Agapanthia gemella

Scientific classification
- Kingdom: Animalia
- Phylum: Arthropoda
- Class: Insecta
- Order: Coleoptera
- Suborder: Polyphaga
- Infraorder: Cucujiformia
- Family: Cerambycidae
- Genus: Agapanthia
- Species: A. gemella
- Binomial name: Agapanthia gemella Holzschuh, 1989

= Agapanthia gemella =

- Authority: Holzschuh, 1989

Species of beetle

Agapanthia gemella is a species of beetle in the subfamily Lamiinae endemic to Cyprus. It was described by the German entomologist Carolus Holzschuh in 1989 and is placed in the subgenus Smaragdula. The species is 8-12 mm long and metallic green with no blue tinge. It endemic to Cyprus, where it has been recorded from Paphos and Limassol districts. The beetles feed on Fabaceae species, particularly Erophaca baetica orientalis, with their larvae developing in the stalks of these plants.

== Taxonomy ==
Agapanthia gemella was described by the German entomologist Carolus Holzschuh in 1989 based on a female specimen collected from Limassol, Cyprus in 1980. It is placed in the subgenus Smaragdula.

== Description ==
The species is 8-12 mm long. It is metallic green with no blue tinge. The species can be distinguished by its plump body, the transverse wrinkles on its neck shield, and the long and dense hairs on the elytra.

== Distribution ==
The beetle is endemic to Cyprus, where it has been recorded from Paphos and Limassol districts.
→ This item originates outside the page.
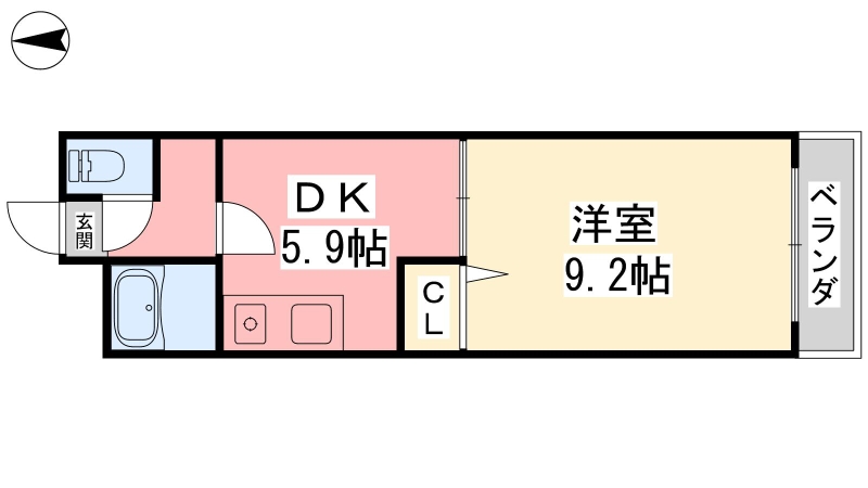 | 間取り詳細 | 洋室 9.2畳 、 DK 5.9畳 |

It is found at elevations of up to 1000 m.

== Ecology ==
The beetles feed on Fabaceae species, particularly Erophaca baetica orientalis. Adults are visible from late March to early June and feed on flowers and young leaves. Larvae develop in the stocks of E. b. orientalis, removing the bark from just above ground level at the end of development. The stalk then falls off and the larvae pupate in the cut-off portion.